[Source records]
'''
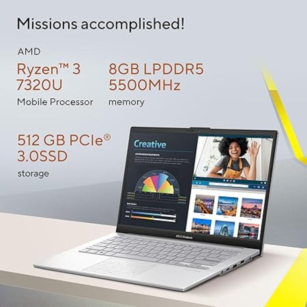 Vivobook Go 14 is powered by an AMD Ryzen 7000-U Series processor, LPDDR5 memory, and PCIe SSD storage to help you complete all your productivity missions
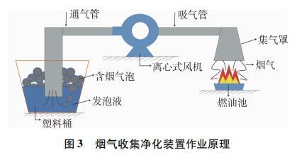 煙氣收集凈化裝置主要由置液桶、通氣管、離心式風機、吸氣管、集氣罩和燃油池等組成,其凈煙工作原理如圖3所示。風機抽走集氣罩下燃油池中汽油燃燒的黑煙,將其通入桶內發泡液中;氣體進入液體后會立刻浮出液面,在液體表面張力作用下排出液面的煙氣被液膜包裹成含煙氣泡;隨著煙氣不斷被通入發泡液中,含煙泡泡很快就溢滿整個置液桶。實驗前測量并記錄水及發泡液的pH值。
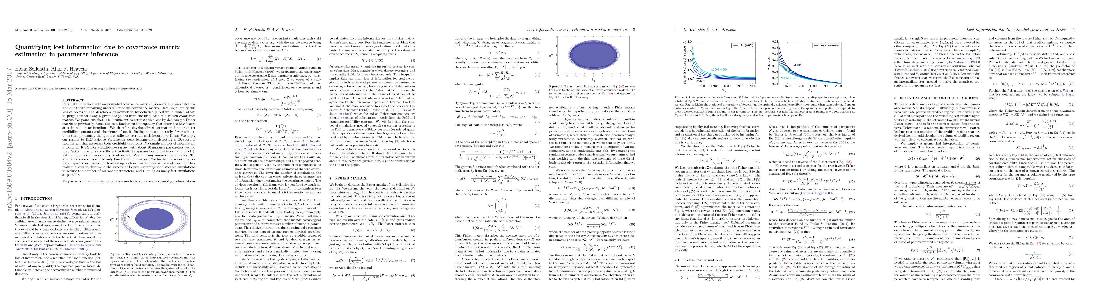 This paper quantifies the information loss in parameter inference due to uncertainty in the estimated covariance matrix, developing a framework to restore this lost precision. It finds a 10% information loss in DES weak lensing data and shows that 2900 simulations are needed to limit the loss to 1% for a Euclid-like survey with 10 nuisance parameters.
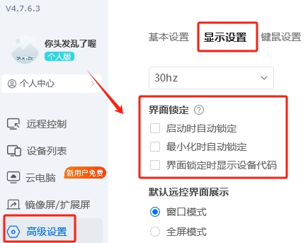 1、点击「高级设置 - 显示设置」,在界面锁定中勾选 “启动时自动锁定” 和 “最小化时自动锁定” 即可锁定客户端(扫码登录和验证码登录需先设置安全密码);
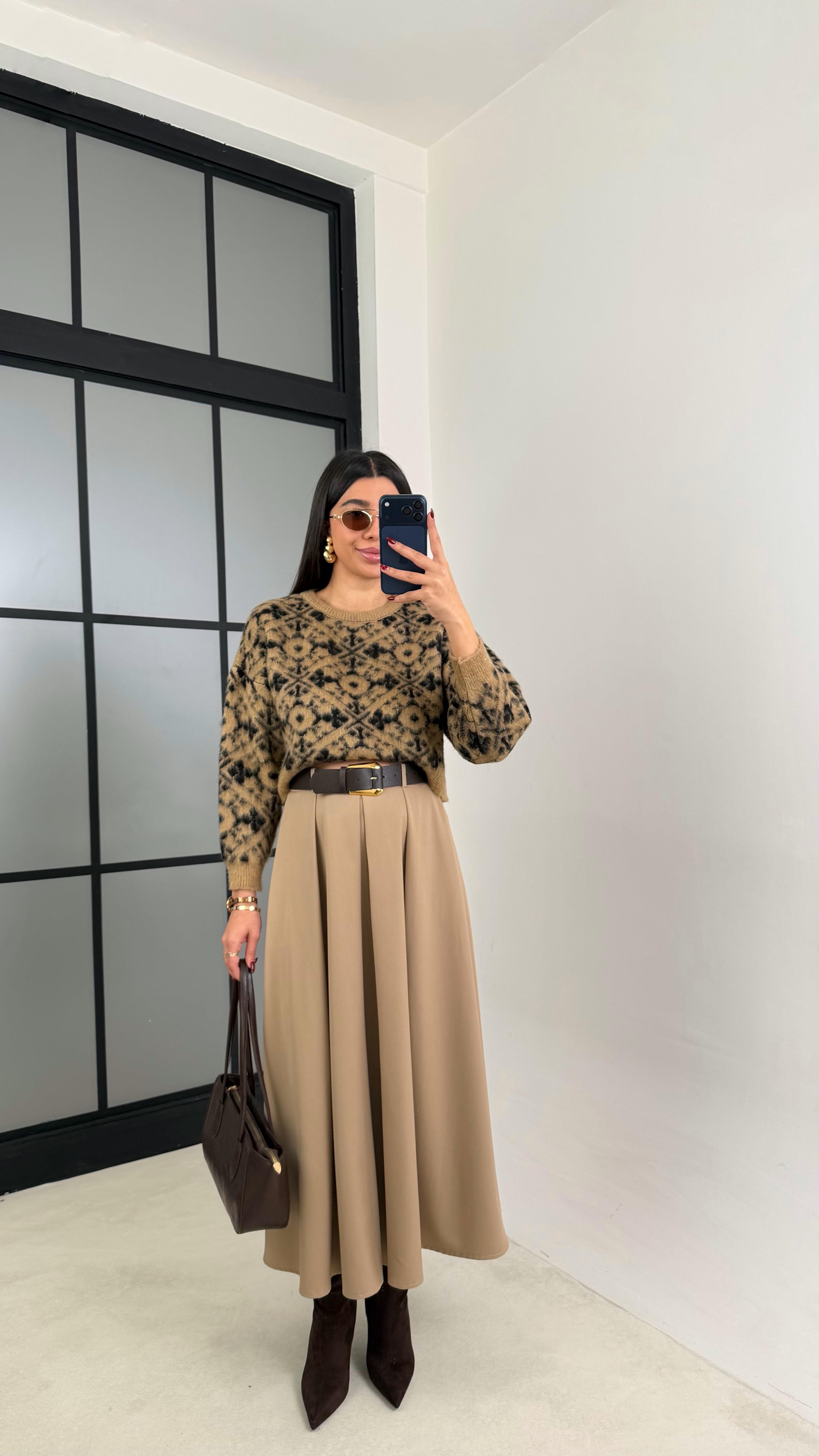 Camel Kemerli Pile Detaylı Kumaş Etek GAUS-00701
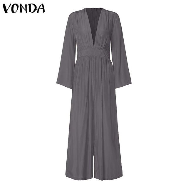 VONDA Elegant Women V neck Jumpsuits Summer Long Sleeve Solid Rompers Casual Work OL Overalls Femme Wide Leg Pants Plus Size 5XL
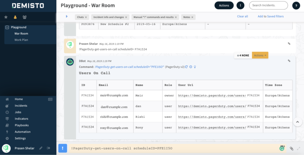- Zugriff auf Bereitschaftspläne, Kontaktmethoden und Benachrichtigungsdetails von PagerDuty innerhalb der Demisto-Instanz
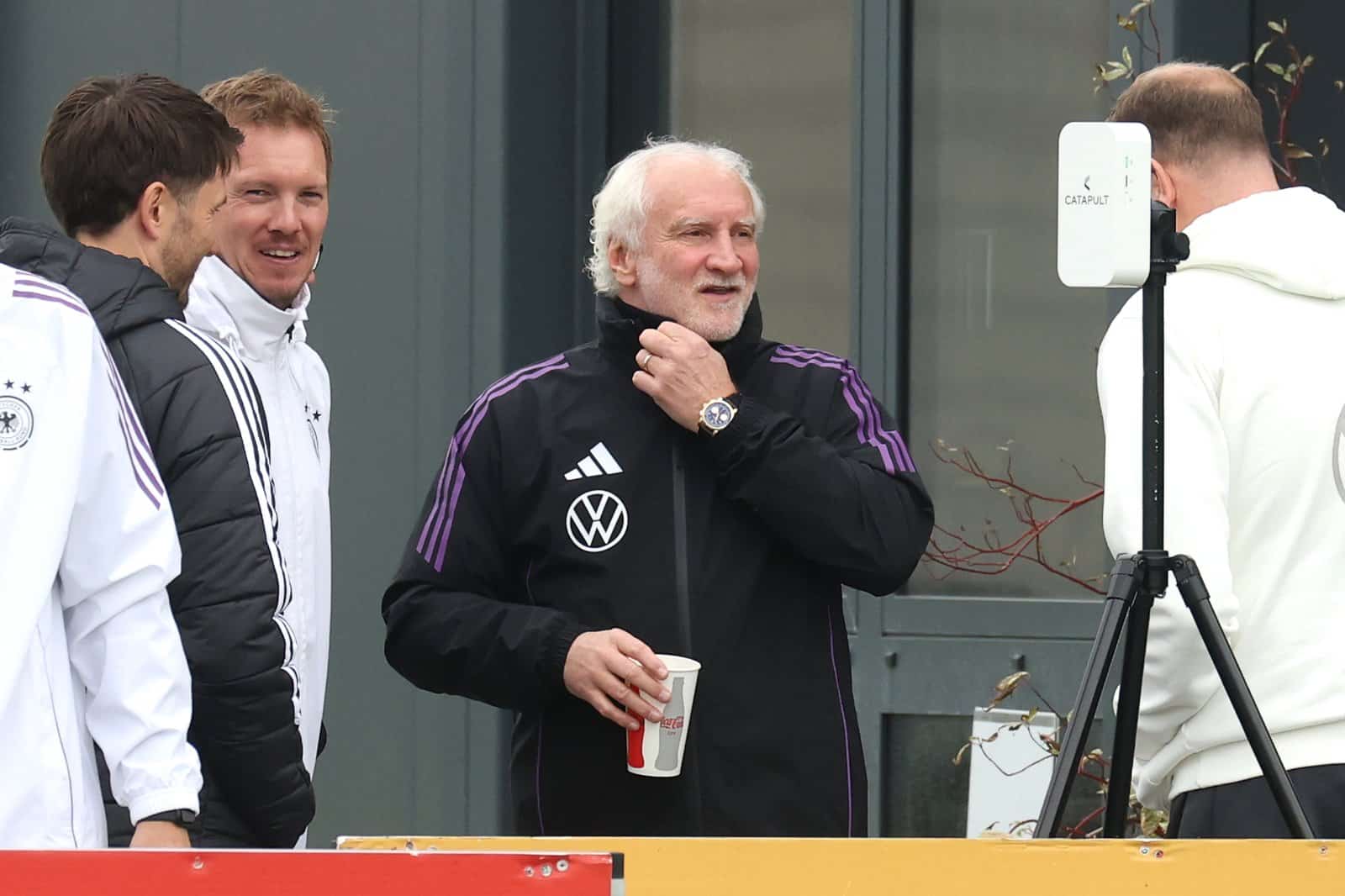 Bundestrainer Julian Nagelsmann spricht beim Training der deutschen Nationalmannschaft am 12. Oktober 2025 auf dem adidas Homeground in Herzogenaurach mit Sportdirektor Rudi Völler. Foto: Alexander Hassenstein / Getty Images Europe
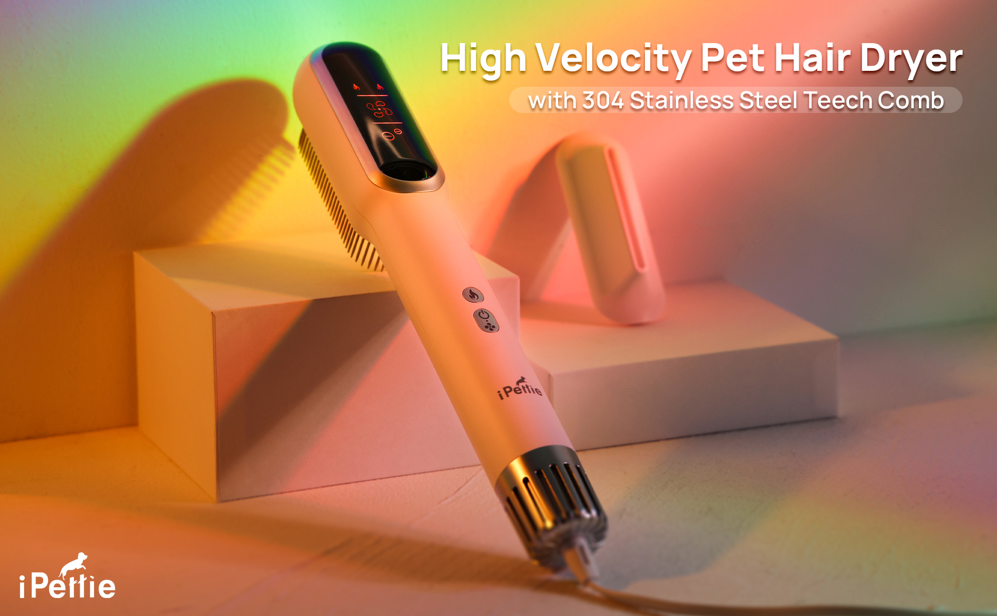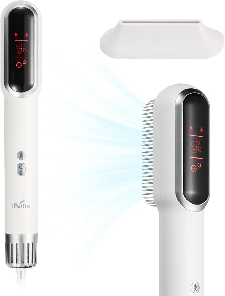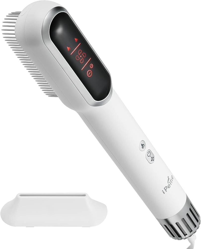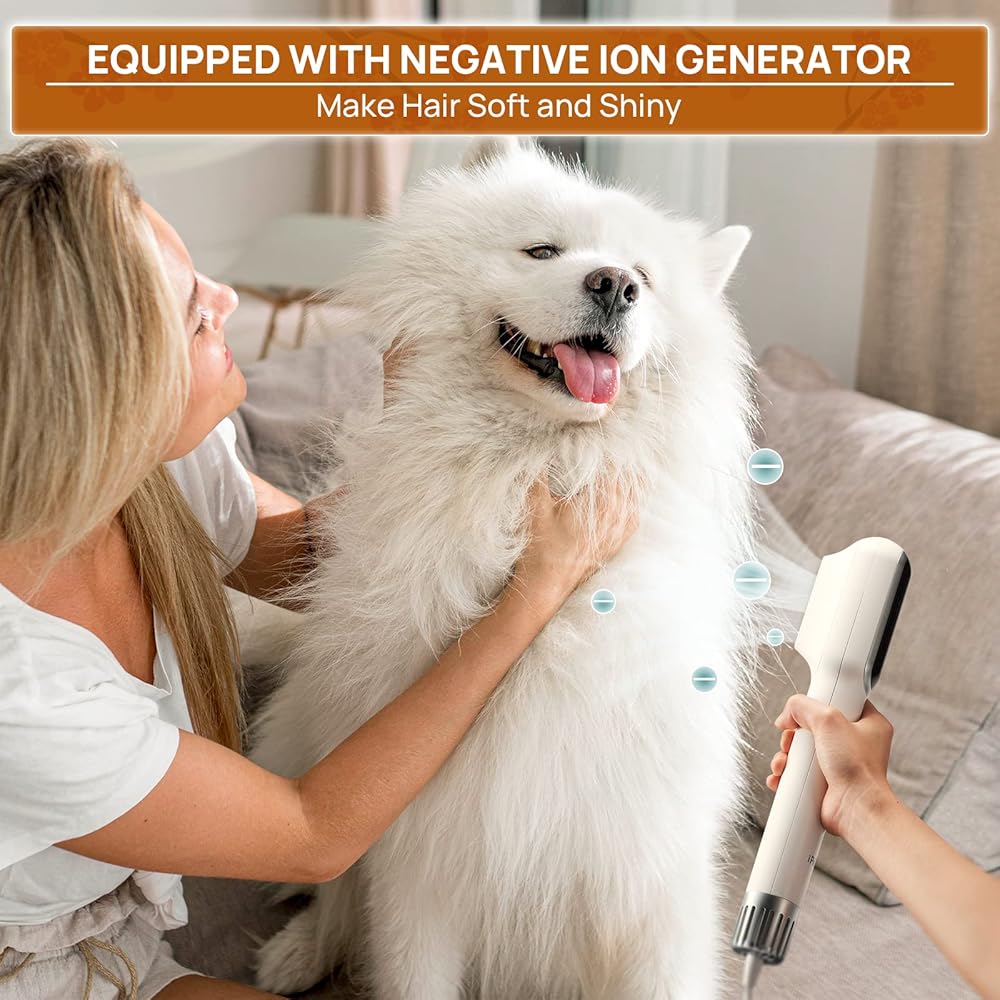 مجفف شعر الحيوانات الأليفة المحمول عالي السرعة من iPettie مع مشط ومكثف من الفولاذ المقاوم للصدأ، 3 إعدادات للحرارة و3 إعدادات لتدفق الهواء، مجفف شعر أيوني أقل ضوضاء للكلاب، مجفف شعر للكلاب، مجفف للقطط للسفر المنزلي
'''
Your assignment:
Exactly the lines from the line containing "Camel Kemerli Pile" to the end of the records need to be copied, both ends included, with pictures left out.

Output for this exercise:
 Camel Kemerli Pile Detaylı Kumaş Etek GAUS-00701
 VONDA Elegant Women V neck Jumpsuits Summer Long Sleeve Solid Rompers Casual Work OL Overalls Femme Wide Leg Pants Plus Size 5XL
- Zugriff auf Bereitschaftspläne, Kontaktmethoden und Benachrichtigungsdetails von PagerDuty innerhalb der Demisto-Instanz
 Bundestrainer Julian Nagelsmann spricht beim Training der deutschen Nationalmannschaft am 12. Oktober 2025 auf dem adidas Homeground in Herzogenaurach mit Sportdirektor Rudi Völler. Foto: Alexander Hassenstein / Getty Images Europe
 مجفف شعر الحيوانات الأليفة المحمول عالي السرعة من iPettie مع مشط ومكثف من الفولاذ المقاوم للصدأ، 3 إعدادات للحرارة و3 إعدادات لتدفق الهواء، مجفف شعر أيوني أقل ضوضاء للكلاب، مجفف شعر للكلاب، مجفف للقطط للسفر المنزلي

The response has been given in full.